==== SOURCE DATA

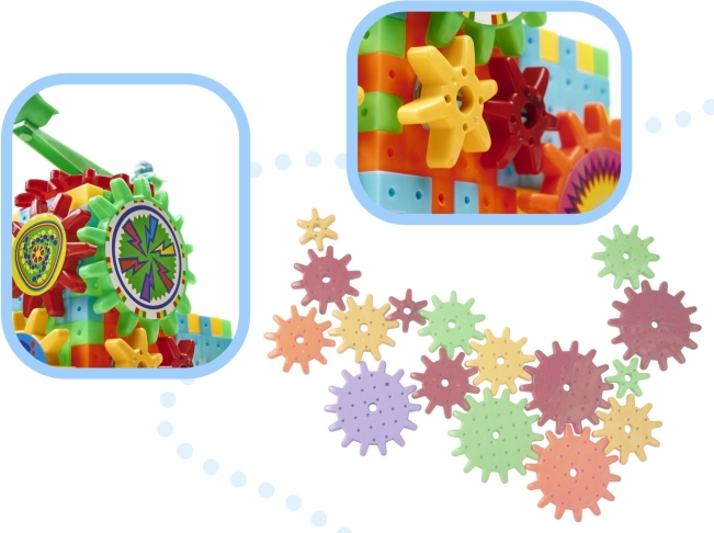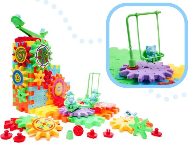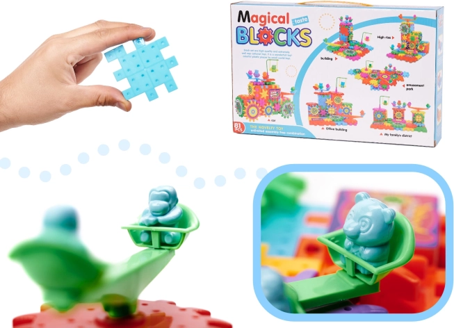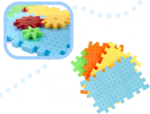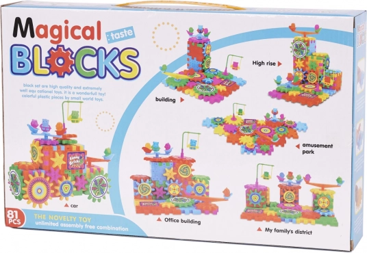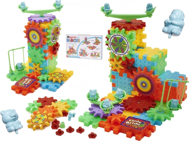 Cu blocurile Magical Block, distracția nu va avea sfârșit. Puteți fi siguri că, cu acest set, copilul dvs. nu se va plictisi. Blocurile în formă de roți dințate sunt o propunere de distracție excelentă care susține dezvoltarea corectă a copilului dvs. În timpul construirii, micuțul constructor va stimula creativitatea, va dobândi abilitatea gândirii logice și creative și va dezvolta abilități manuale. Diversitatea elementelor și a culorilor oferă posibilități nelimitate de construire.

========
==== SOURCE DATA

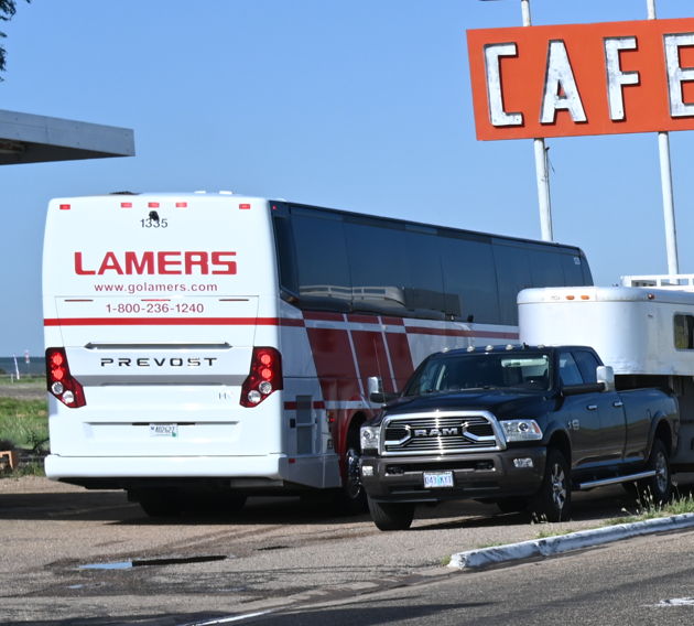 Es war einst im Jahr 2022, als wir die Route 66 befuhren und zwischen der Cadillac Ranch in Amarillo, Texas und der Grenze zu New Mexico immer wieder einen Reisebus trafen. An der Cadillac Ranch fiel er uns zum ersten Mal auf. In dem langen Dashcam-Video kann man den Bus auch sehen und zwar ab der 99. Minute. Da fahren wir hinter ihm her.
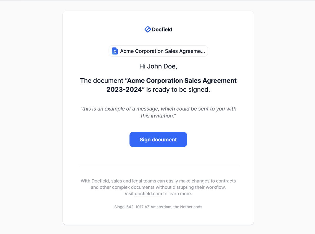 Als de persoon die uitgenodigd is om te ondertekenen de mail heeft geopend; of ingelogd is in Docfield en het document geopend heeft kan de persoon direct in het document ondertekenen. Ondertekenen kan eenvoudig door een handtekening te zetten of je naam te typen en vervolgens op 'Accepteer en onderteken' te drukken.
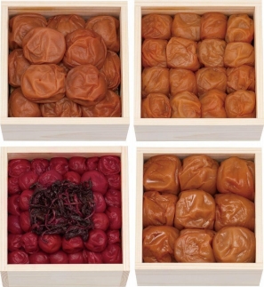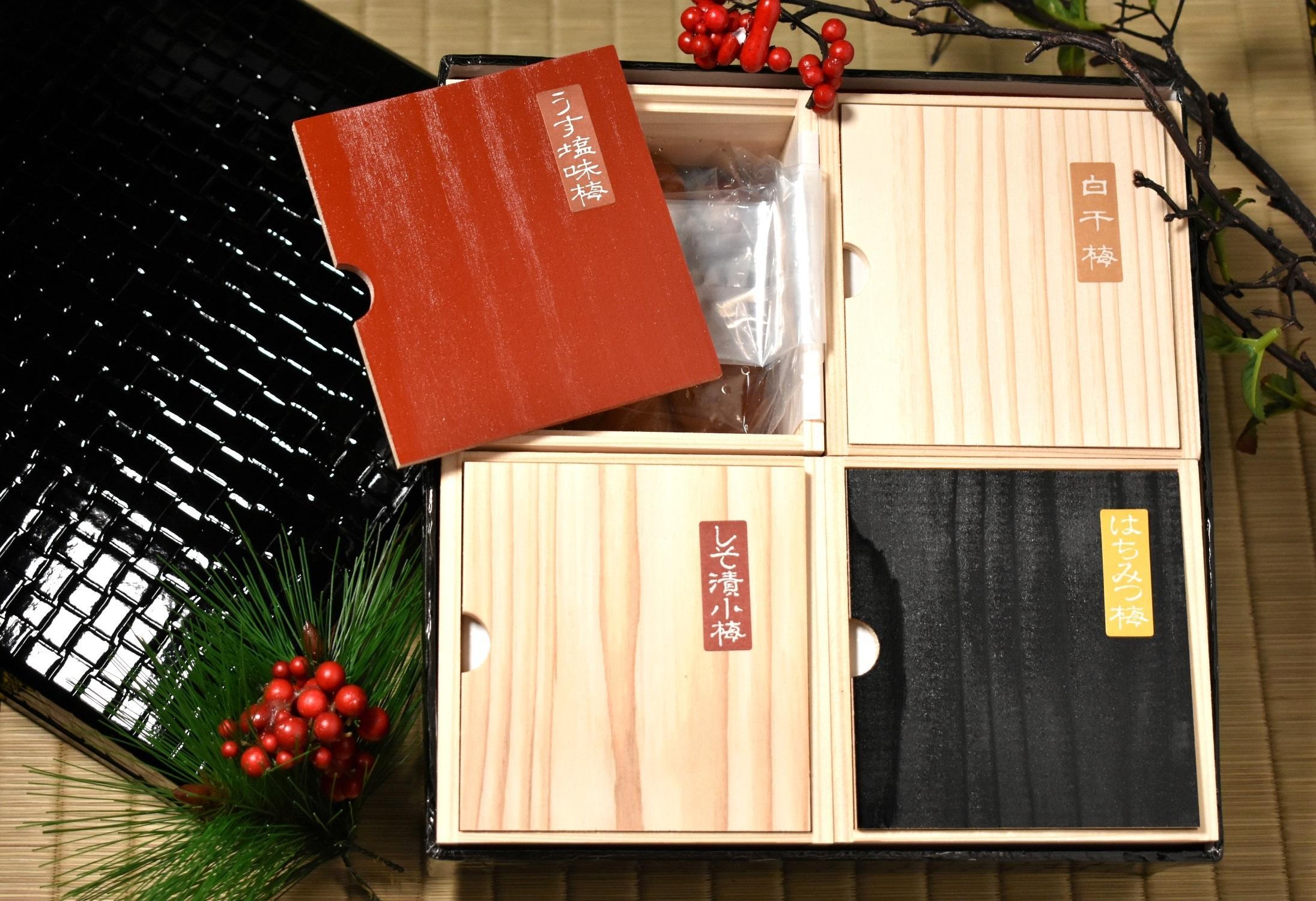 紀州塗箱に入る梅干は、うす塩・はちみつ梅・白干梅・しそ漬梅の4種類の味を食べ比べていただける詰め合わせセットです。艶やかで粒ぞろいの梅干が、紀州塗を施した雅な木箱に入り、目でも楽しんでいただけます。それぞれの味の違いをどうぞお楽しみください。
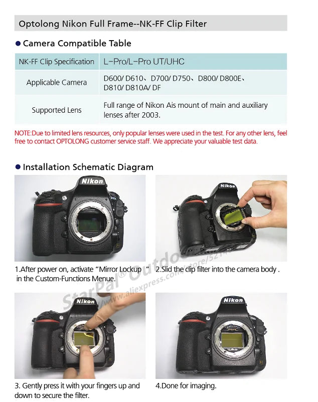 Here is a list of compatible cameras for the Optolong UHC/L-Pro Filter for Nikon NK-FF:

========

◆ TASK INSTRUCTIONS
Could you repeat, exactly, only the lines above starting at the one that has "Als de persoon" and stopping after the one that has "Here is a list", without the pictures?

◆ SOLUTION TO THIS EXERCISE
 Als de persoon die uitgenodigd is om te ondertekenen de mail heeft geopend; of ingelogd is in Docfield en het document geopend heeft kan de persoon direct in het document ondertekenen. Ondertekenen kan eenvoudig door een handtekening te zetten of je naam te typen en vervolgens op 'Accepteer en onderteken' te drukken.
 紀州塗箱に入る梅干は、うす塩・はちみつ梅・白干梅・しそ漬梅の4種類の味を食べ比べていただける詰め合わせセットです。艶やかで粒ぞろいの梅干が、紀州塗を施した雅な木箱に入り、目でも楽しんでいただけます。それぞれの味の違いをどうぞお楽しみください。
 Here is a list of compatible cameras for the Optolong UHC/L-Pro Filter for Nikon NK-FF:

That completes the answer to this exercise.